I eye the poured beer with the kind of suspicion I’d usually save for White Rose County folk themselves. It looks like lager. But thankfully, the similarity ends there. First taste impressions are of a fairly sharp, sprightly and fruity premium bitter. Then, spank, the hops yap at your tongue like a demented dog. And like the tenacious canine that gave the ale its name, persistence is one of its main characteristics. Yorkshire Terrier clamps its lockjaw flavour down upon you like a grappling iron. Impossible to remove without grabbing desperately at its tail. Is it a pleasant sensation? Difficult to say. It’s as if you’ve been cornered at a party by the girl no one really fancied at school and had a snog planted firmly on your lips. The stigma’s still there, but secretly you’re really enjoying it.
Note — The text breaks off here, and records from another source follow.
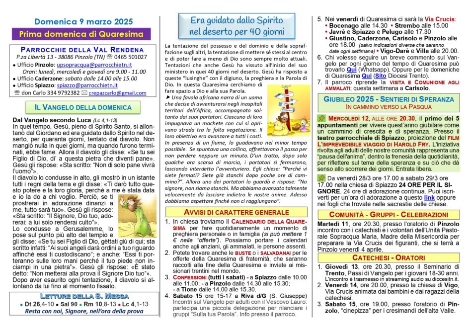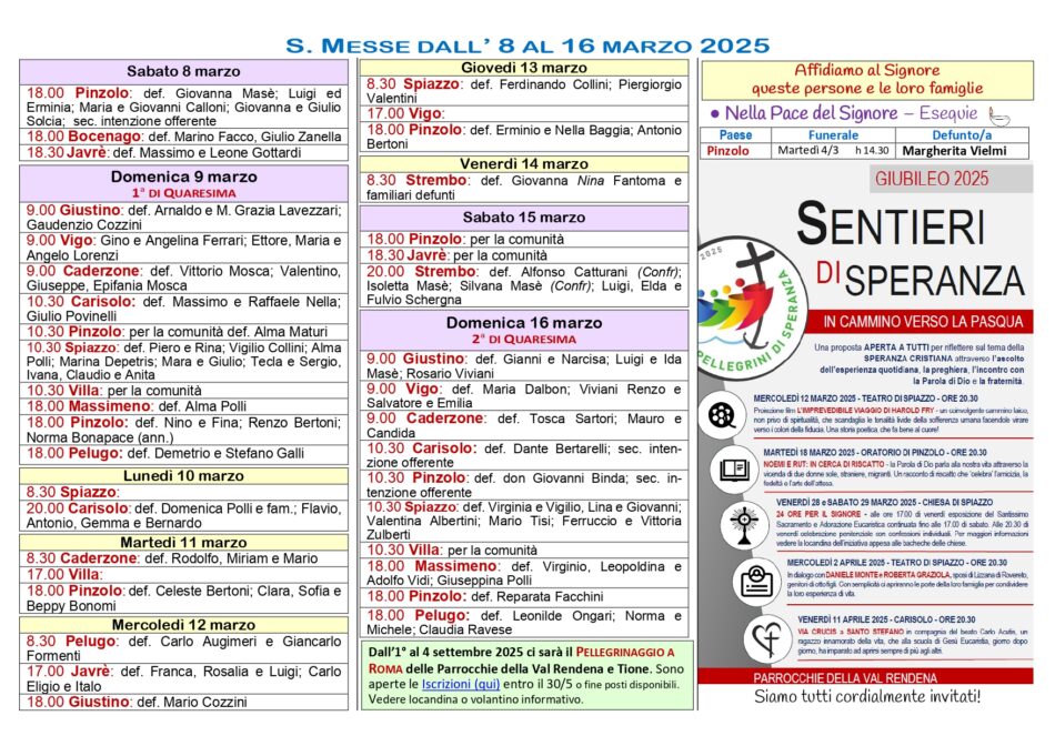 • Avvisi Parrocchiali: dal 9 al 16 marzo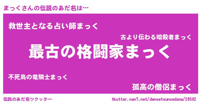 | 女子向けラノベタイトル風あだ名 | 『まっく伯爵の花嫁』『闇のまっく』 |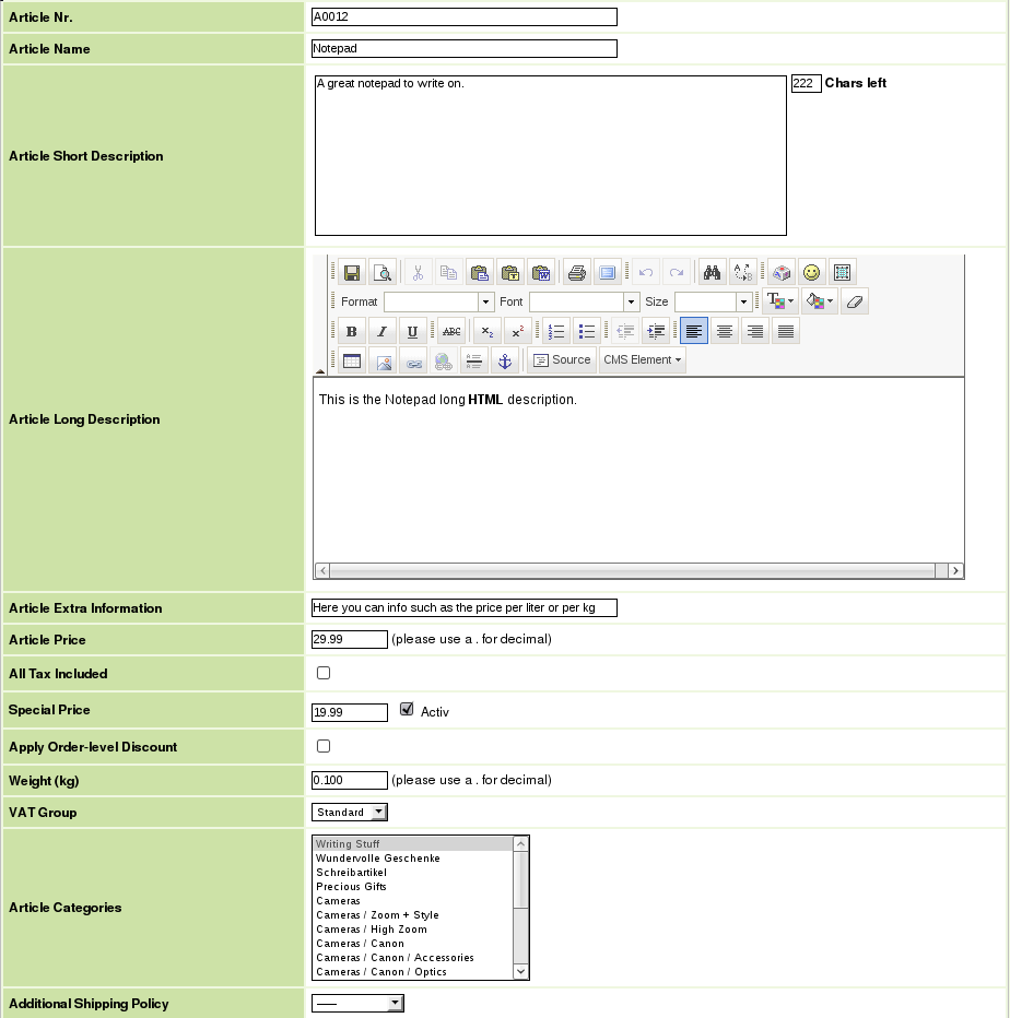 - Article Nr. : Reference of the Article inside your company (ex: A0012) - Article Name : The Name that will be shown to customers - Article Short Description : a simple text field of 250 characters to describe the Article - Article Long Description : a full-featured HTML description which you can create using the WYSIWYG editor. You may for instance insert bullets lists, pictures, and tables here. - Article Extra Information : In the free text field, you may enter extra information about the article, such as the price per liter or per kg. Depending on the Display Settings (see paragraph 3.2), this information can be printed on the bill and order confirmation. - Article Price : The Price of the Article in the Reference Currency (see Billing Management on the Reference/Secondary Currencies topic) - All Tax Included : Specifies if the Price above includes the VAT or not - Special Price : You may want to give the Article a Special Price. If so, enter it here. - Apply Order-level Discount : We will discuss the Discounts later, but this enables you to discount this Article based on the sum of bought Articles net price in an Order. - Weight (kg) : This is used in the Shipping Costs calculation - VAT Group : Here you can choose which VAT Group this Article belongs to (depending on your country, if might not be the same for food, electronics, etc...) - Article Categories : The Category (or multiple Categories) this Article belongs to. - Additional Shipping Policy : Optionally, you can associate an additional Shipping Policy to this article (i.e. "Fragile" for items that need careful handling). We will discuss Shipping Policies later. |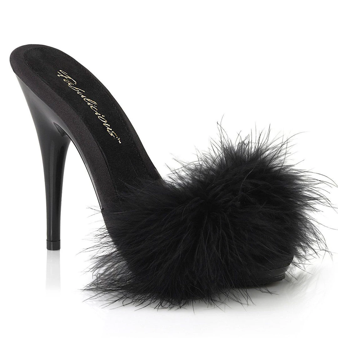 Details: 5 Inch Heel, 3/8 Inch Plaform Marabou Slide Sandal.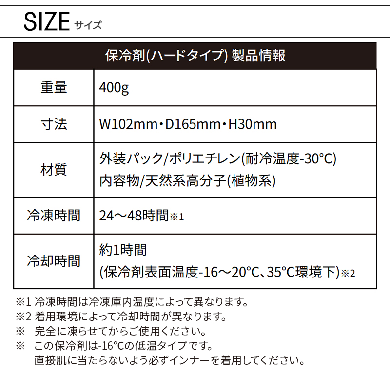 冷却時間:約1時間(保冷剤表面温度-16〜20℃、35℃環境下)※着用環境によって冷却時間が異なります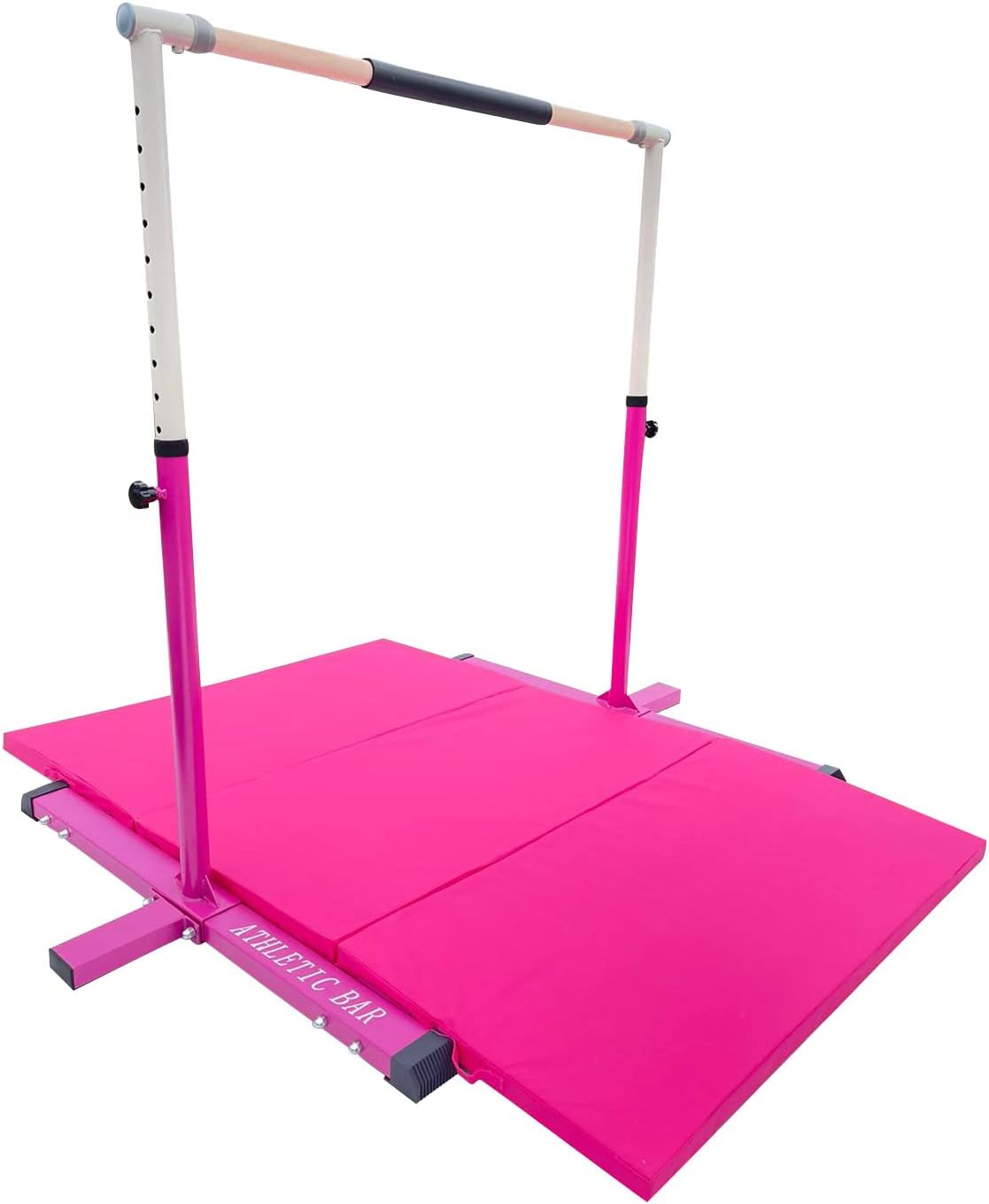 [Full Gymnastics Bar 2 in 1 Training Set] This Gymnastics Kip Bar Horizontal Bar Set Includes a Professional Gymnastic Tumble Mat. This is the Ultimate Gymnastic Training Set that includes the Gymnastic Bar, and 6 FT x 4 FT 2" Thick Gymnastic Mat. The Ultimate Kids Gymnastics Bar Horizontal Kip Bar Set, designed for Gymnastics Training and kid's fitness activities: Hanging, Swinging, Climbing, to develop coordination, improve kids balance, and strengthen the body and core, while increasing flexibility and strengthen the body! [Adjustable Height Levels] 4 Rubber Feet to protect the Floor and for bar stabilization, includes a secure pull pin and turn knob for height adjustment! Assembled Size: L 59 inch x W 54 inch x H 59 inch with 13 Adjustable Heights! The Base is made from Heavy Duty Metal with Stability Side Extensions Base Support that make this Gymnastics Bar Safe, Stable and Sturdy for Beginners and Skilled for Levels 1 to 4 Gymnastic Training [Professional Tri Fold Gymnastics Mat] Includes a Professional Gymnastics Exercise Mat 2" thick [6 feet Long 4 feet Wide] firm high quality firm High Density EPE foam, designed for a cushion soft landing, and a variety of activities and exercises such as Gymnastics, Gymnastics Workouts, Gymnastics Training, Cheerleading, Balance Beam Competition Training and much more! [Safe and Durable] The Kip Bar is Manufactured from the finest Sturdy steel & with a high-quality fiberglass core, with a Pull-down weight limit over 300 lbs! Adjustable and Expandable Levels 3ft to 5ft. Durable, Strong, interactive Hi-Quality Design; Sturdy Bar climbing grip! Strong & Sturdy: Strong Steel Legs, Heavy Duty Rail made from high-quality core with two bottom spreader stability bars! 3 to 5 FT.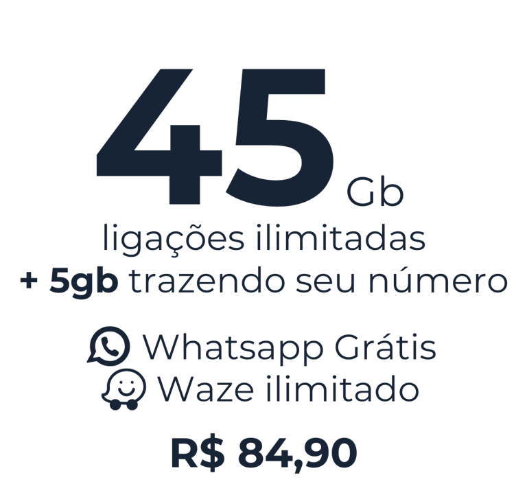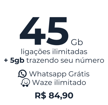 Por apenas R$84,90/mês, você ganha 45GB de internet e ligações ilimitadas para todo o Brasil. Trazendo seu número para a nossa operadora, você recebe mais 5GB de bônus! E, claro, aproveite todos os nossos benefícios exclusivos: WhatsApp liberado, Waze ilimitado, internet que acumula, ligações ilimitadas, internet sem cortes, rede 5G e cobertura nacional.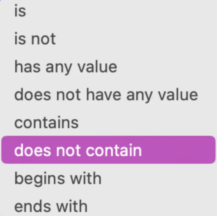 (e) ContainsShortcuts has TWO: EQUALS/Not EQUALS and CONTAINS/Not CONTAINS.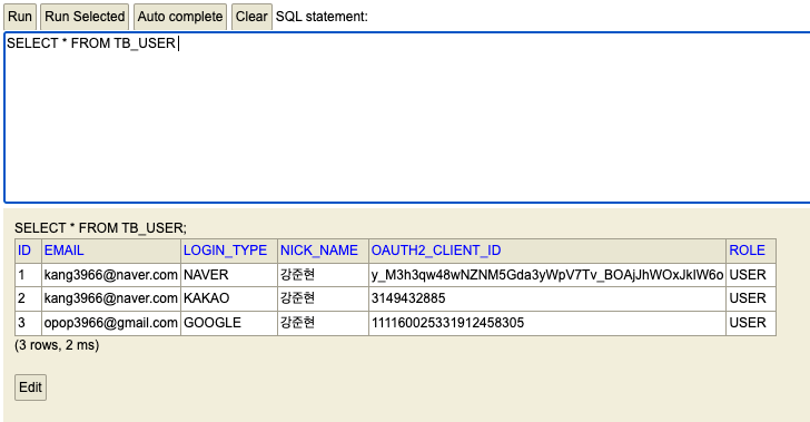H2 콘솔을 통해 데이터베이스를 확인하면 사용자 정보가 다음과 같이 저장됩니다.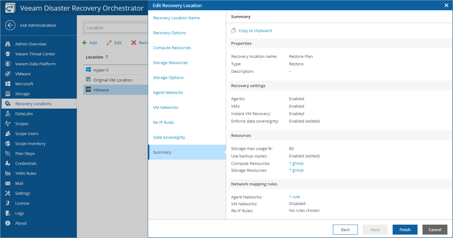 - To change the datastore capacity level that must not be breached during the recovery process or to choose whether you want Orchestrator to use backup files created by backup copy jobs, follow the instructions provided in section Adding VMware vSphere Recovery Locations (step 6).

The lengthy finish is clean as a whistle too. And brusquely insistent. I’m afraid it’s ticking far too many Yorkshire cliché boxes as it fills up the doorway, blithely asserting its own righteousness with a grin you’d happily erase with the wrong side of a board duster were you given to violence. It isn’t complex, but then it doesn’t need to be. It’s a premium bitter and there’s enough venom in its tail to keep a slew of life-weary cynics satisfied.
Stepping back from the stereotype for a moment, Yorkshire Terrier is a fantastically crafted beer. Its lightness and vivacity bely the robust 4.2% alcohol content and the insistent, yappy finish sits up and begs you to drink more. It’s War of the Roses rivalry in a bottle: outwardly belligerent and brimming with grudging but genuine admiration.